**WHAT THE EXERCISE ASKS**
Would you copy the lines below exactly and omit the images?

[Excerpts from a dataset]
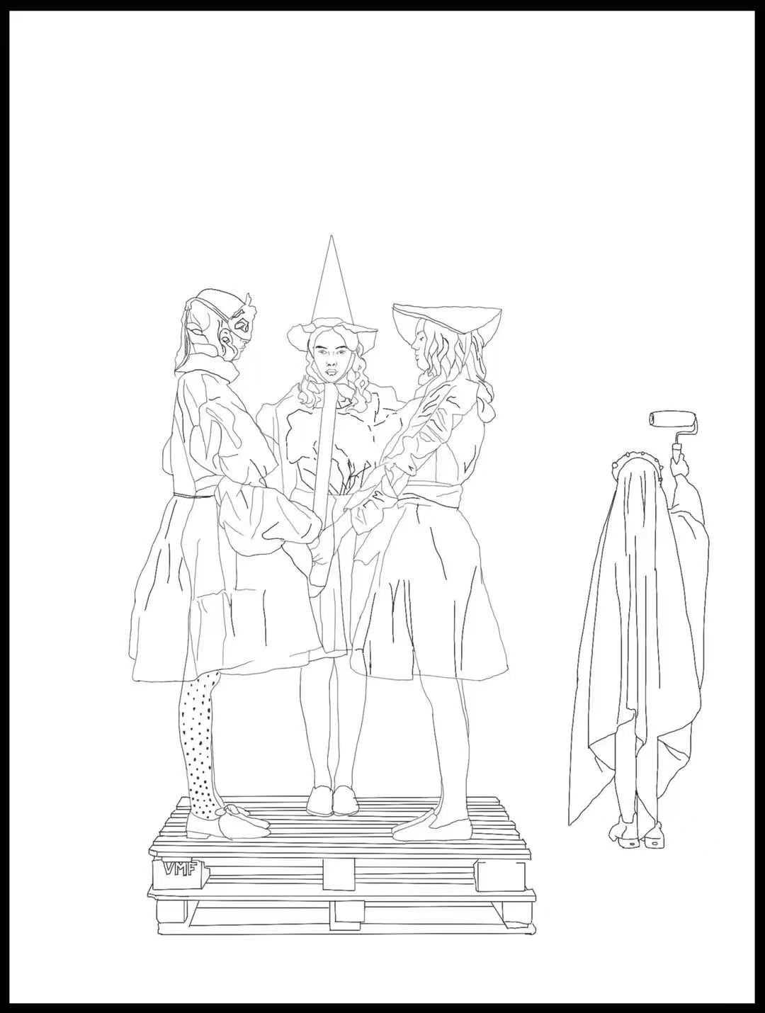 作业要求:大师经典作品构图鉴赏与分析+搜集素材+线稿
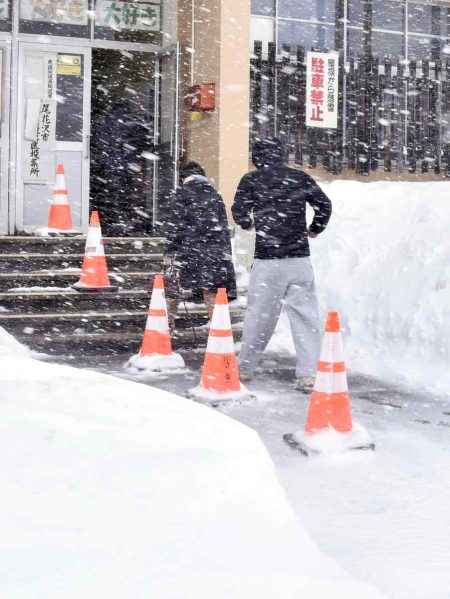 People head to a polling station during a blizzard in Obanazawa, Yamagata Prefecture, on Sunday.
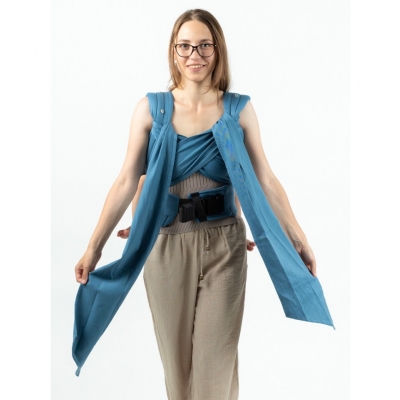 Bretelele din material țesut, parțial buretate, pot fi legate cu ușurință în diverse moduri care pot asigura un plus de confort - lărgite pe umeri pentru a optimiza distribuția egală a greutății copilașului, sau înfășurate în jurul acestuia pentru a asigura o extra susținere a șezutului ori un șezut mai adânc.
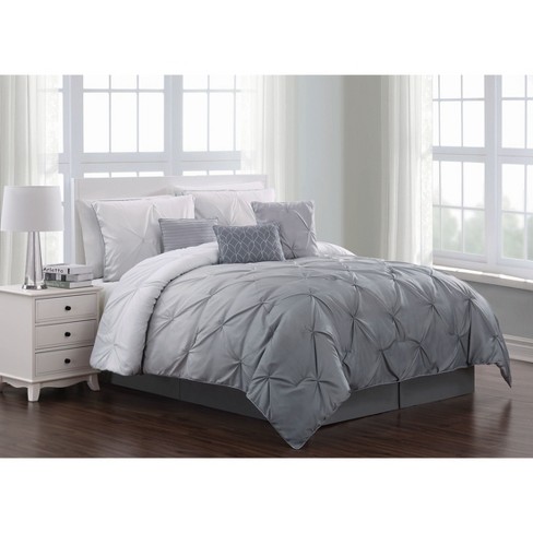It includes two shams and a comforter made from microfiber and features a pleated pintuck design. 90'' x 92'' two shams: As a fair trade certified™ product, each piece directly improves the lif… 80'' x 60'' throw pillow: 12'' x 16'' throw pillow: 20'' x 26'' (each) bedskirt: At the center of each pintuck is a medallion of tufted beads to create a floral design that adds visual dimension. Refresh your bedroom in elegant, traditional style with this comforter set. Secure a signature look by showcasing this luxury comforter set from madison park. Lekesky queen comforter set, pinch pleat comforter for queen bed(90x90 inches), 3 pieces down alternative bedding comforter sets, 1 pintuck comforter and 2 pillow shams, grey 4.2 out of 5 stars 52
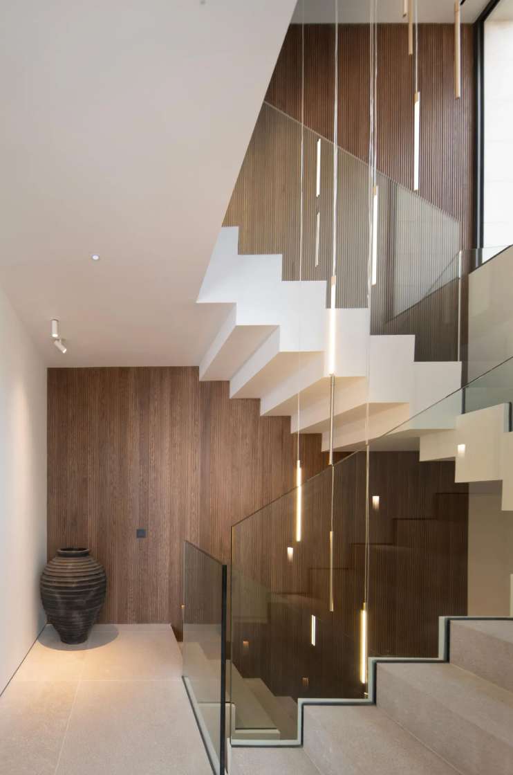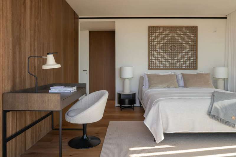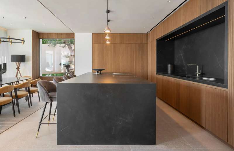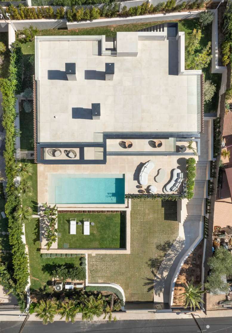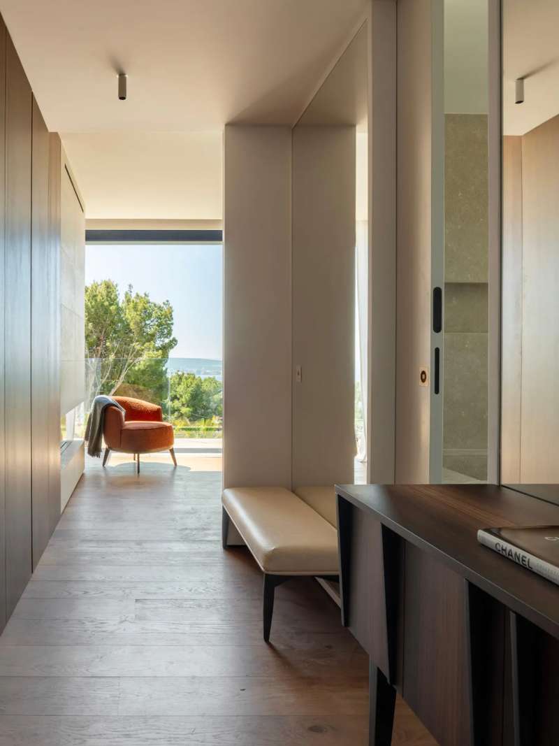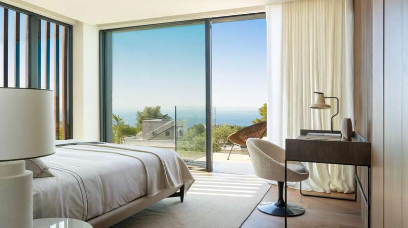 Experience elevated Mediterranean living in this newly constructed luxury villa, boasting panoramic sea views stretching from Palma to Palmanova. Located in the prestigious residential enclave of Portals Nous, this property seamlessly blends sophisticated design with exceptional comfort, ideal for year-round living or as a refined second home. Upon entry, the villa welcomes you with an expansive open-plan layout, featuring a designer kitchen with a large island, elegant dining area, and spacious living room. Floor-to-ceiling windows invite natural light and provide direct access to covered and open terraces, perfect for entertaining or relaxing beside the saltwater pool. A striking double-sided fireplace creates a warm ambiance for both the interior living space and the outdoor dining terrace. Upstairs, four generous bedroom suites include a luxurious master with its own fireplace. Three bedrooms enjoy sweeping sea views and open onto private terraces. The lower level offers secure g
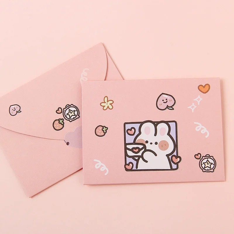 Pagina de start Pagina de start Casă Furnituri de birou Set de 10 bucăți de plicuri roz cu hârtie 9,6 × 7,2 cm cu motiv de iepuraș cu inimioare
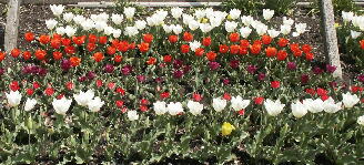 自宅前の畑では、白いチューリップが開き、赤も蕾が膨らんできました。今年は暖かかったので丈が伸びていないです。五色、一斉に開けばと思うのですが、なかなかうまくいきません。 |
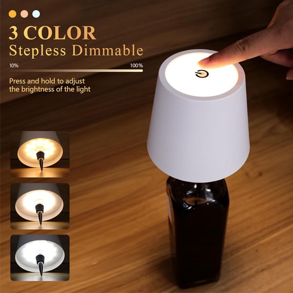 מנורה מעוצבת נטענת עם פקק לסגירת בקבוקים ו- 3 מצבי תאורה: קרה, חמה ומעורבת.
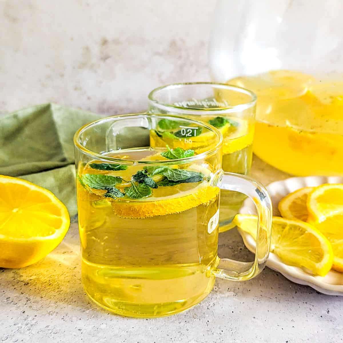 - Chill in the fridge for at least 30 minutes, pour into glasses, garnish with lemon slices and mint leaves (optional), and serve.
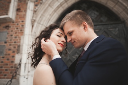 Gorgeous wedding couple, bride, groom posing near old gate building.
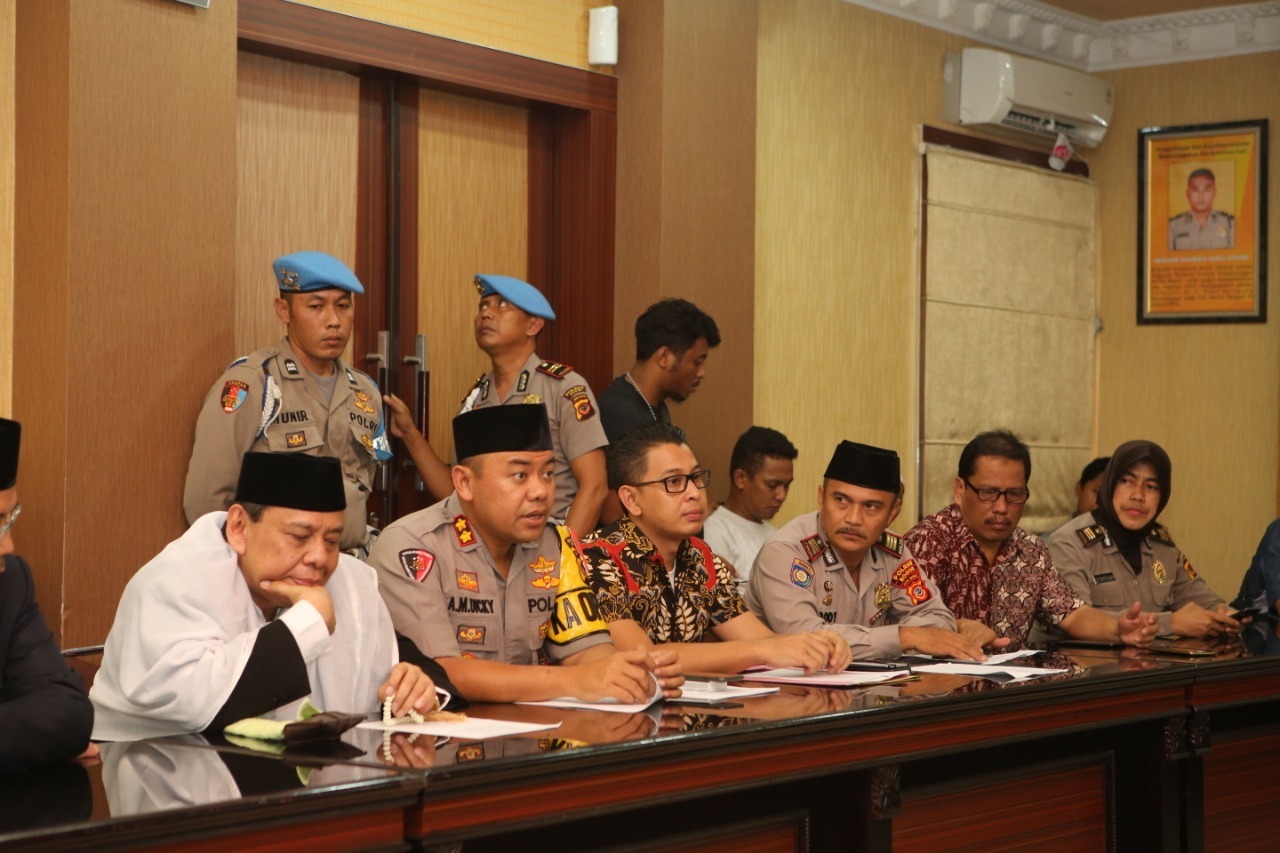 BOGOR,LENSAJABAR.COM– Kapolres Bogor AKBP Andi Moch Dicky bersama Ketua MUI Kabupaten Bogor KH Mukri Aji melakukan mediasi dengan pihak FUI Bogor Raya di Aula Nurul Afandi Polres Bogor. Jum’at ( 2/8/ 2019).
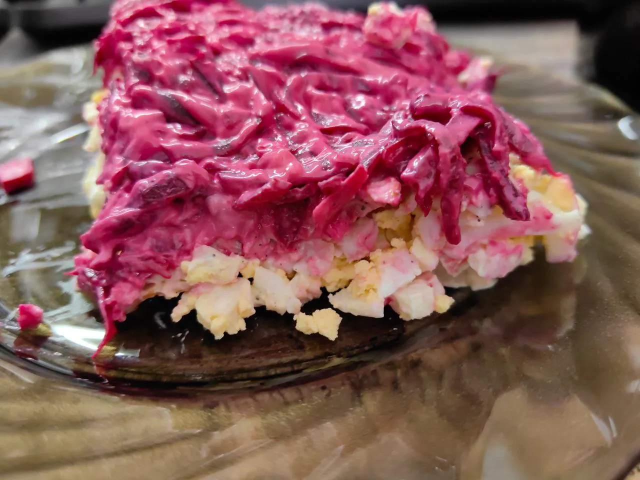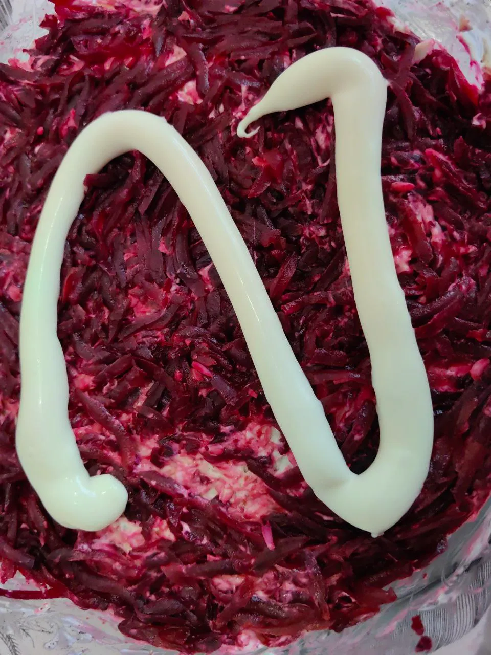 Варёную свёклу натрите на тёрке, выложите поверх сыра, промажьте майонезом. Салат готов. Можно украсить по своему вкусу. Приятного аппетита!
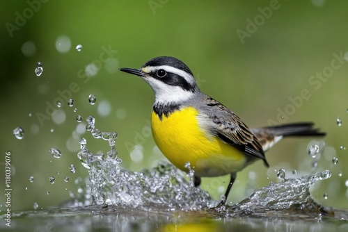© Fotograf, Fototapeta premium A bird splashes water on a rock, creating ripples

**TASK OUTPUT**
 作业要求:大师经典作品构图鉴赏与分析+搜集素材+线稿
 People head to a polling station during a blizzard in Obanazawa, Yamagata Prefecture, on Sunday.
 Bretelele din material țesut, parțial buretate, pot fi legate cu ușurință în diverse moduri care pot asigura un plus de confort - lărgite pe umeri pentru a optimiza distribuția egală a greutății copilașului, sau înfășurate în jurul acestuia pentru a asigura o extra susținere a șezutului ori un șezut mai adânc.
It includes two shams and a comforter made from microfiber and features a pleated pintuck design. 90'' x 92'' two shams: As a fair trade certified™ product, each piece directly improves the lif… 80'' x 60'' throw pillow: 12'' x 16'' throw pillow: 20'' x 26'' (each) bedskirt: At the center of each pintuck is a medallion of tufted beads to create a floral design that adds visual dimension. Refresh your bedroom in elegant, traditional style with this comforter set. Secure a signature look by showcasing this luxury comforter set from madison park. Lekesky queen comforter set, pinch pleat comforter for queen bed(90x90 inches), 3 pieces down alternative bedding comforter sets, 1 pintuck comforter and 2 pillow shams, grey 4.2 out of 5 stars 52
 Experience elevated Mediterranean living in this newly constructed luxury villa, boasting panoramic sea views stretching from Palma to Palmanova. Located in the prestigious residential enclave of Portals Nous, this property seamlessly blends sophisticated design with exceptional comfort, ideal for year-round living or as a refined second home. Upon entry, the villa welcomes you with an expansive open-plan layout, featuring a designer kitchen with a large island, elegant dining area, and spacious living room. Floor-to-ceiling windows invite natural light and provide direct access to covered and open terraces, perfect for entertaining or relaxing beside the saltwater pool. A striking double-sided fireplace creates a warm ambiance for both the interior living space and the outdoor dining terrace. Upstairs, four generous bedroom suites include a luxurious master with its own fireplace. Three bedrooms enjoy sweeping sea views and open onto private terraces. The lower level offers secure g
 Pagina de start Pagina de start Casă Furnituri de birou Set de 10 bucăți de plicuri roz cu hârtie 9,6 × 7,2 cm cu motiv de iepuraș cu inimioare
 自宅前の畑では、白いチューリップが開き、赤も蕾が膨らんできました。今年は暖かかったので丈が伸びていないです。五色、一斉に開けばと思うのですが、なかなかうまくいきません。 |
 מנורה מעוצבת נטענת עם פקק לסגירת בקבוקים ו- 3 מצבי תאורה: קרה, חמה ומעורבת.
 - Chill in the fridge for at least 30 minutes, pour into glasses, garnish with lemon slices and mint leaves (optional), and serve.
 Gorgeous wedding couple, bride, groom posing near old gate building.
 BOGOR,LENSAJABAR.COM– Kapolres Bogor AKBP Andi Moch Dicky bersama Ketua MUI Kabupaten Bogor KH Mukri Aji melakukan mediasi dengan pihak FUI Bogor Raya di Aula Nurul Afandi Polres Bogor. Jum’at ( 2/8/ 2019).
 Варёную свёклу натрите на тёрке, выложите поверх сыра, промажьте майонезом. Салат готов. Можно украсить по своему вкусу. Приятного аппетита!
© Fotograf, Fototapeta premium A bird splashes water on a rock, creating ripples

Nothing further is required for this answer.